- Exercise materials -
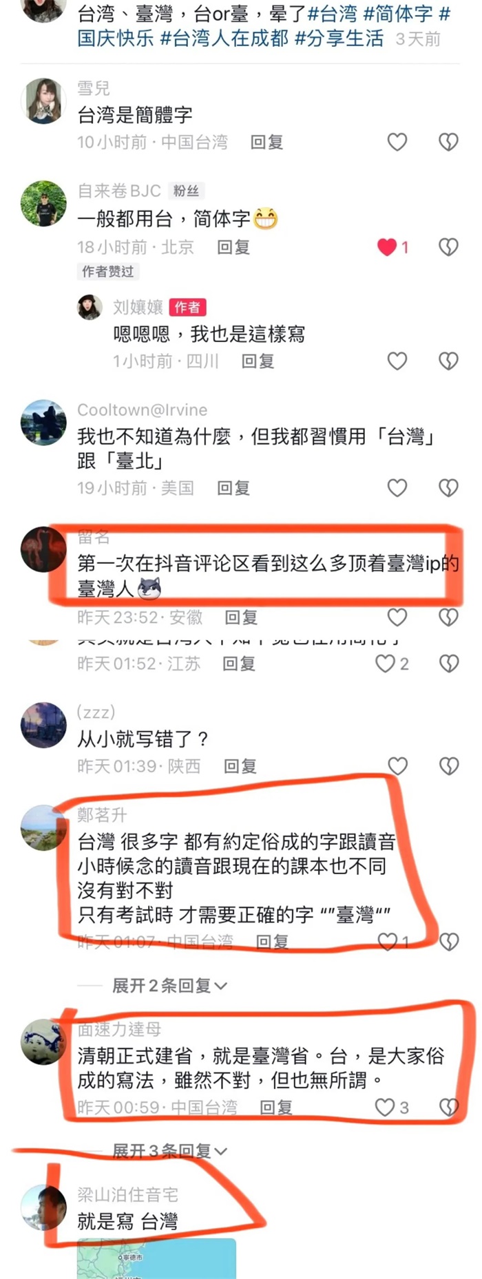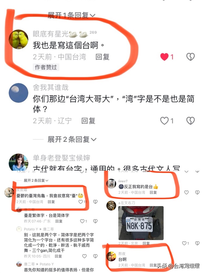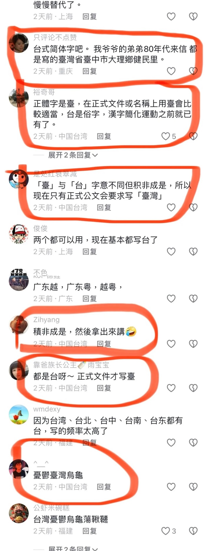 由於把“台”字寫成了“台”,然後,被廣大內地網友説這字寫錯了,於是乎,很多台灣IP的網友們在跟帖,説他們從小就是這寫這個簡體字“台”呀。
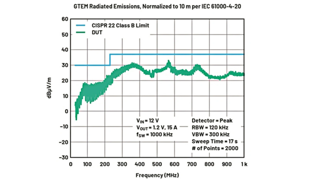 Der LTC7151S wurde in einer EMI-Prüfkammer getestet und erfüllte mit einem einfachen vorgeschalteten EMI-Filter die Grenzwerte gemäß CISPR 22/CISPR 32 für leitungsgebundene und abgestrahlte Störgrößen. Bild 8 zeigt den Schaltplan einer 1-MHz-Schaltung mit 1,2 V/15 A, während Bild 9 das EMI-Testergebnis für CISPR 22 in einer GTEM-Zelle (Gigahertz Transveral Electromagnetic) wiedergibt.
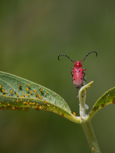Milkweed Borer and aphids on Showy Milkweed
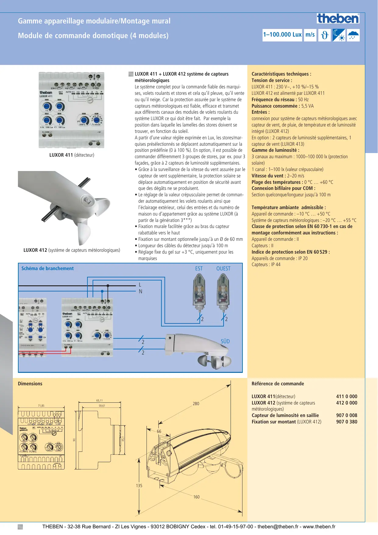 - Le réglage de la valeur crépusculaire permet de commander automatiquement les volets roulants ainsi que l'éclairage extérieur, celui des entrées et du nombre de maison ou d'appartement grâce au système LUXOR (à partir de la génération). Fixation murale facilitée grâce au bras du capteur rabattable vers le haut. Fixation sur montant optionnelle jusqu'à un Ø de 60 mm.
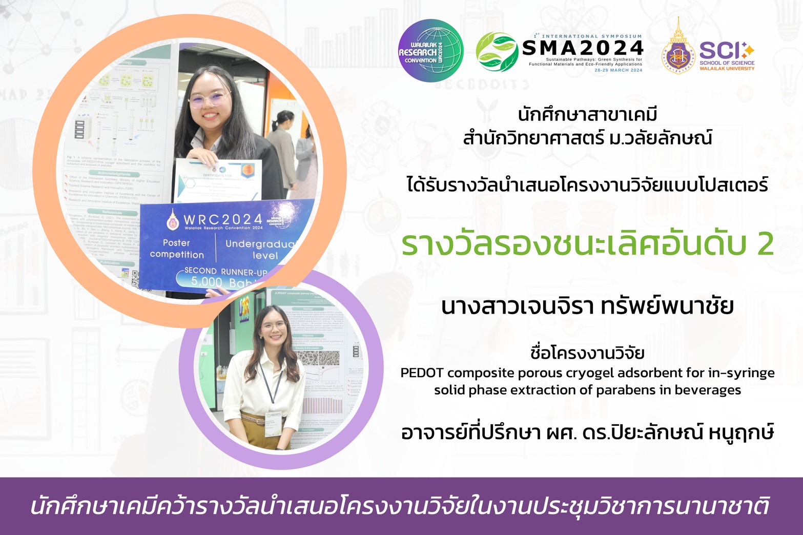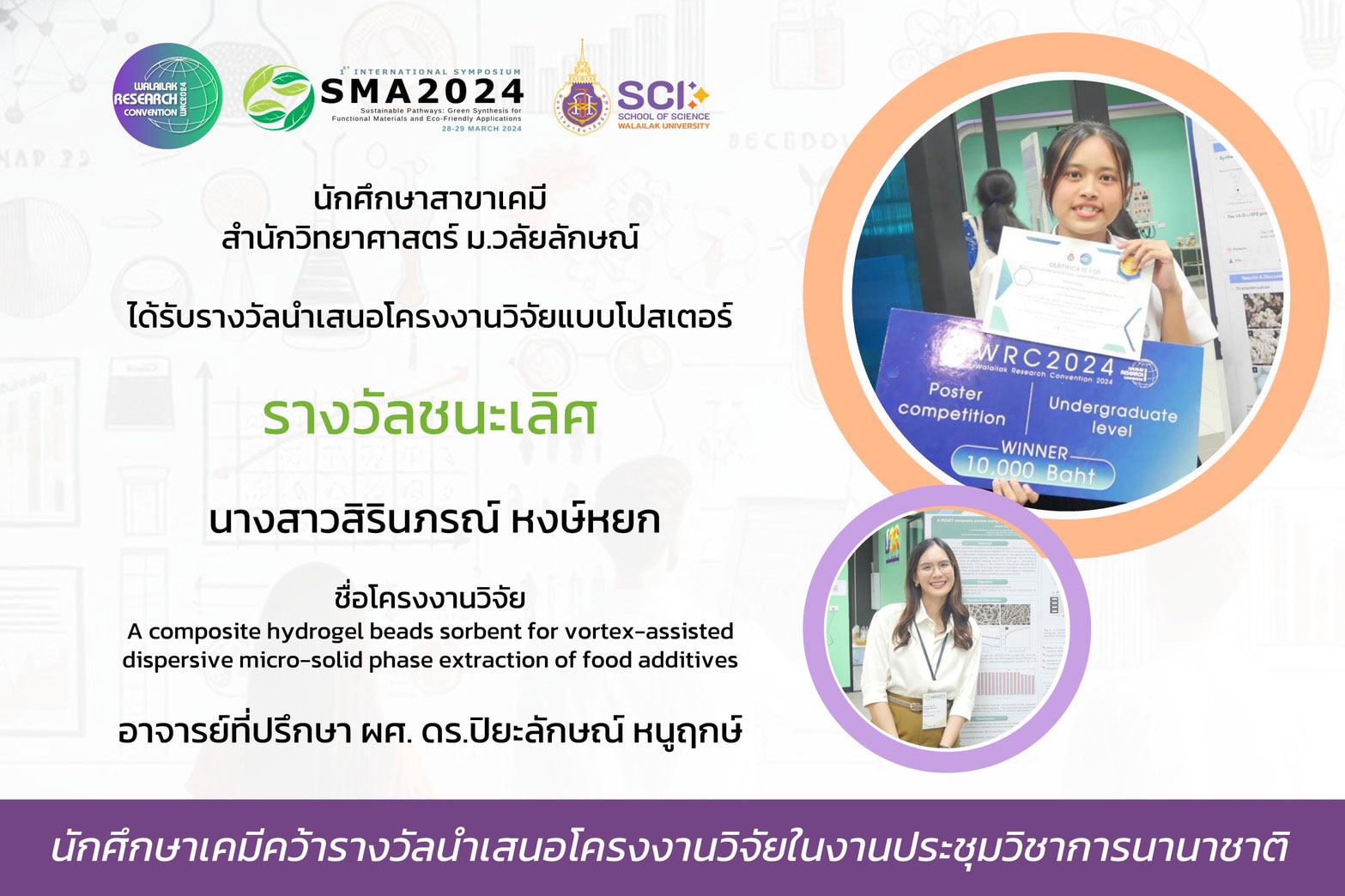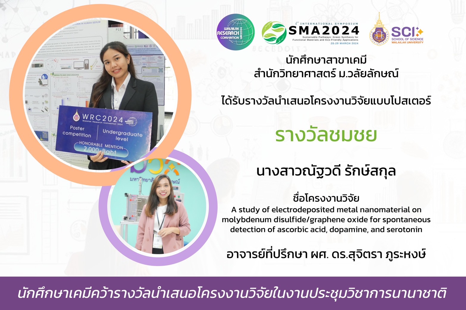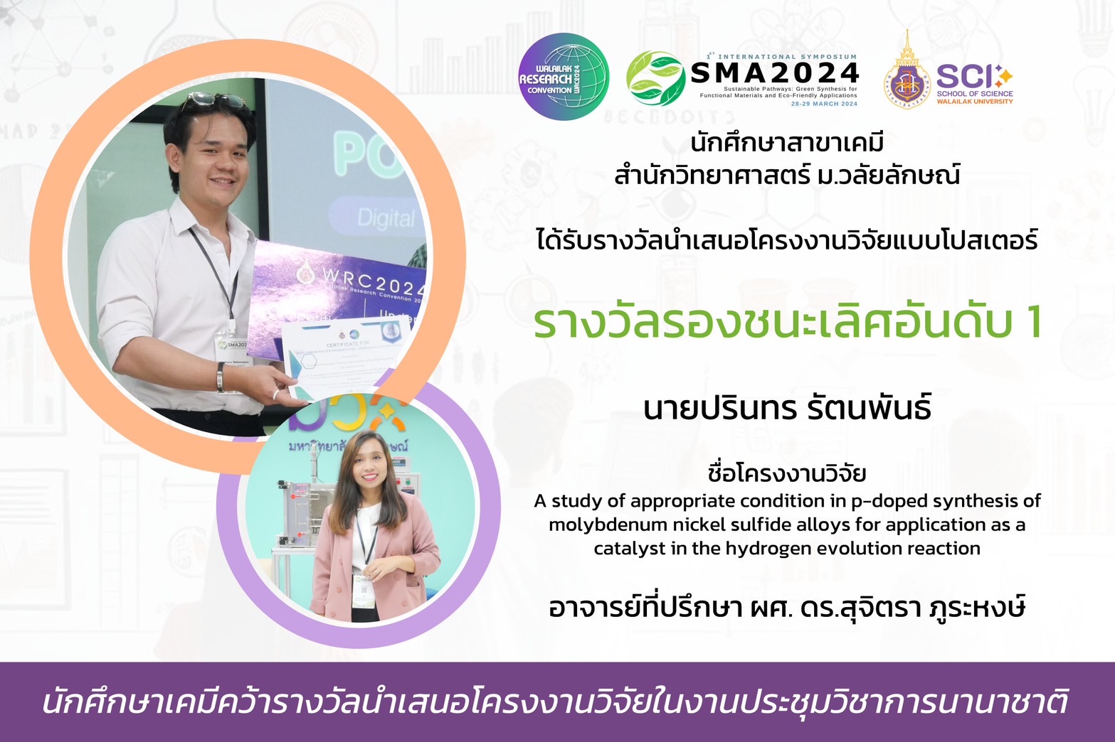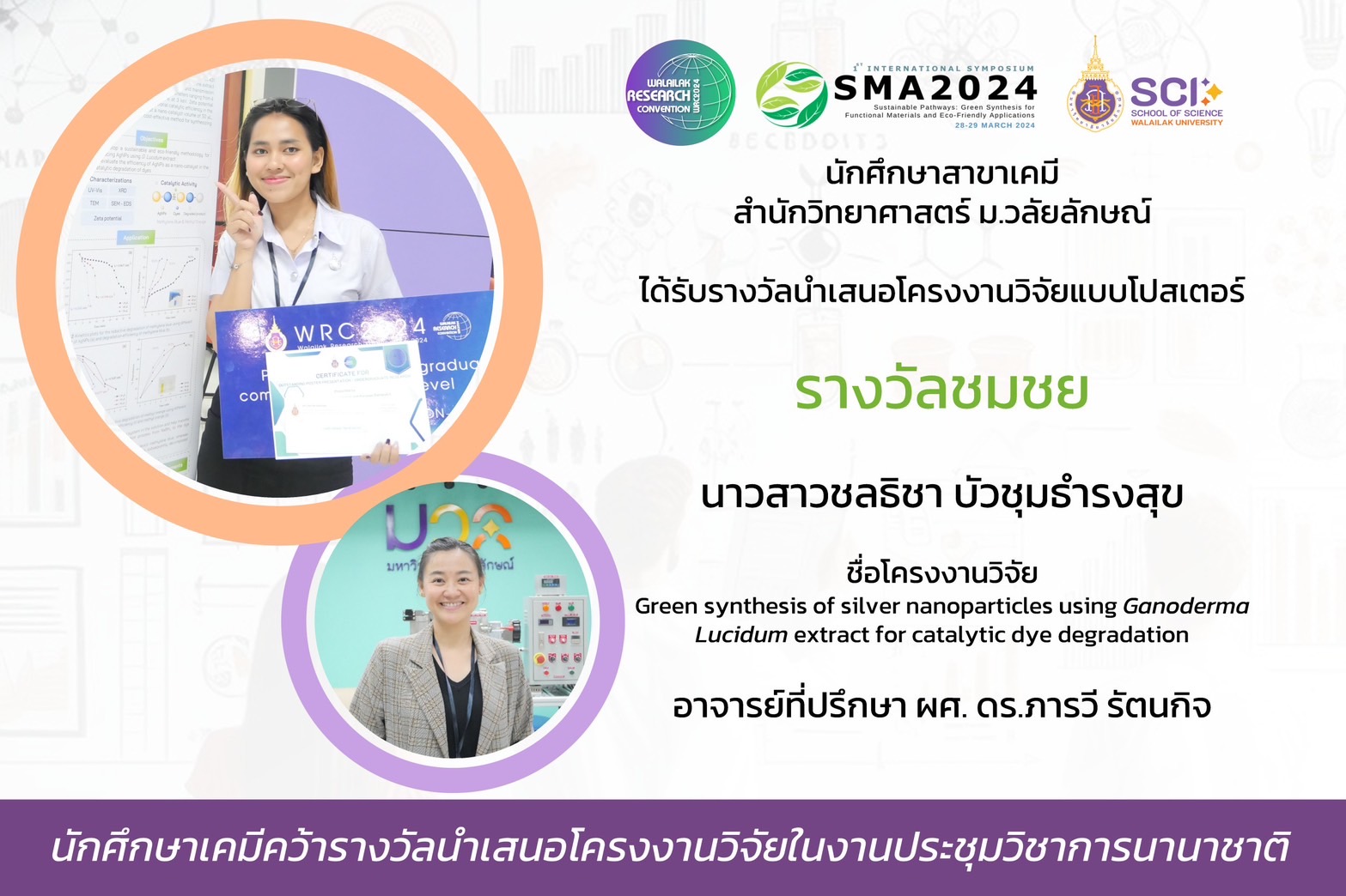 ในงานประชุมนานาชาติ International Symposium on Sustainable Pathways: Green Synthesis for Functional Materials and Eco-Friendly Applications (SMA2024) ครั้งที่ 1 ซึ่งจัดขึ้นระหว่างวันที่ 28-29 มีนาคม 2567 ณ มหาวิทยาลัยวลัยลักษณ์ นักศึกษาระดับปริญญาตรีสาขาเคมี หลักสูตรวิทยาศาสตร์ สำนักวิชาวิทยาศาสตร์ ได้สร้างความภาคภูมิใจให้กับมหาวิทยาลัยด้วยการคว้ารางวัลการนำเสนอผลงานวิจัยแบบโปสเตอร์ถึง 5 รางวัล
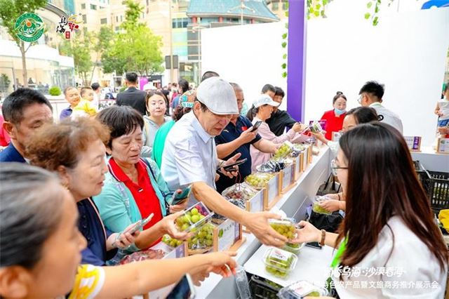 活动中,乌海市农牧局、文体旅游广电局、商务局相关负责人分别就乌海葡萄、特色农产品、文化旅游资源及特色美食等内容进行了现场推介,并诚挚邀请广大游客品乌海葡萄,来沙漠看海,体验“一城览尽塞外风”的独特魅力。
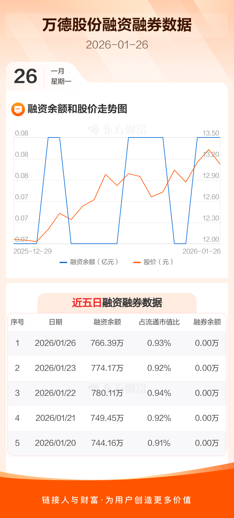 万德股份:融资净偿还7.78万元,融资余额766.39万元
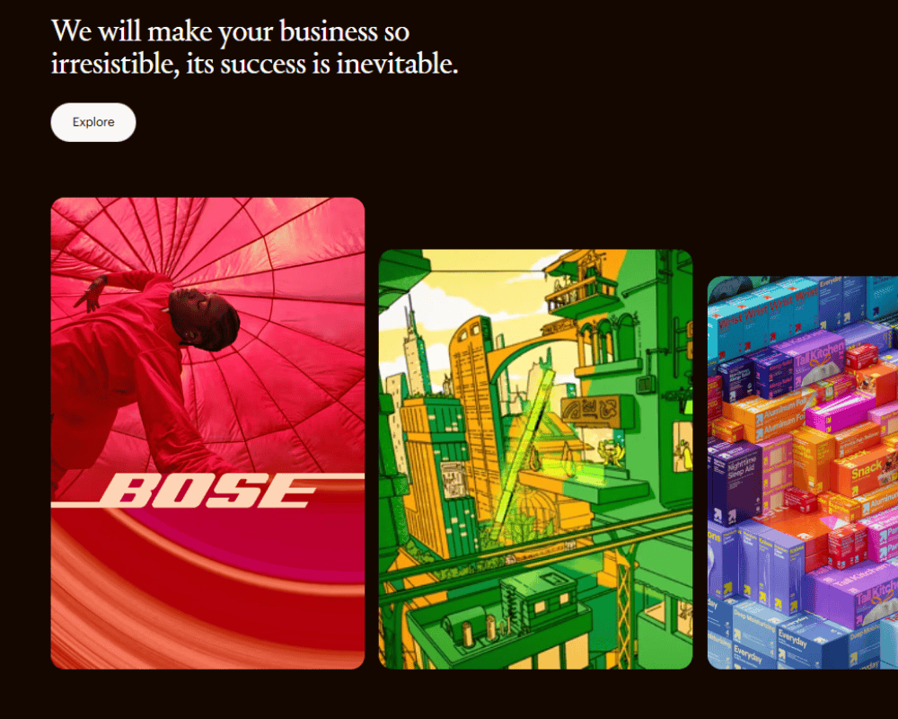 Spin is known for edgy, art-driven graphic design. Their work often blurs the line between commercial design and visual art, with strong expertise in posters, motion graphics, and web design.

- How to complete this task -
Your copy should be the entries retyped exactly, with no images in it.

- Solution to this task -
 由於把“台”字寫成了“台”,然後,被廣大內地網友説這字寫錯了,於是乎,很多台灣IP的網友們在跟帖,説他們從小就是這寫這個簡體字“台”呀。
 Der LTC7151S wurde in einer EMI-Prüfkammer getestet und erfüllte mit einem einfachen vorgeschalteten EMI-Filter die Grenzwerte gemäß CISPR 22/CISPR 32 für leitungsgebundene und abgestrahlte Störgrößen. Bild 8 zeigt den Schaltplan einer 1-MHz-Schaltung mit 1,2 V/15 A, während Bild 9 das EMI-Testergebnis für CISPR 22 in einer GTEM-Zelle (Gigahertz Transveral Electromagnetic) wiedergibt.
Milkweed Borer and aphids on Showy Milkweed
 - Le réglage de la valeur crépusculaire permet de commander automatiquement les volets roulants ainsi que l'éclairage extérieur, celui des entrées et du nombre de maison ou d'appartement grâce au système LUXOR (à partir de la génération). Fixation murale facilitée grâce au bras du capteur rabattable vers le haut. Fixation sur montant optionnelle jusqu'à un Ø de 60 mm.
 ในงานประชุมนานาชาติ International Symposium on Sustainable Pathways: Green Synthesis for Functional Materials and Eco-Friendly Applications (SMA2024) ครั้งที่ 1 ซึ่งจัดขึ้นระหว่างวันที่ 28-29 มีนาคม 2567 ณ มหาวิทยาลัยวลัยลักษณ์ นักศึกษาระดับปริญญาตรีสาขาเคมี หลักสูตรวิทยาศาสตร์ สำนักวิชาวิทยาศาสตร์ ได้สร้างความภาคภูมิใจให้กับมหาวิทยาลัยด้วยการคว้ารางวัลการนำเสนอผลงานวิจัยแบบโปสเตอร์ถึง 5 รางวัล
 活动中,乌海市农牧局、文体旅游广电局、商务局相关负责人分别就乌海葡萄、特色农产品、文化旅游资源及特色美食等内容进行了现场推介,并诚挚邀请广大游客品乌海葡萄,来沙漠看海,体验“一城览尽塞外风”的独特魅力。
 万德股份:融资净偿还7.78万元,融资余额766.39万元
 Spin is known for edgy, art-driven graphic design. Their work often blurs the line between commercial design and visual art, with strong expertise in posters, motion graphics, and web design.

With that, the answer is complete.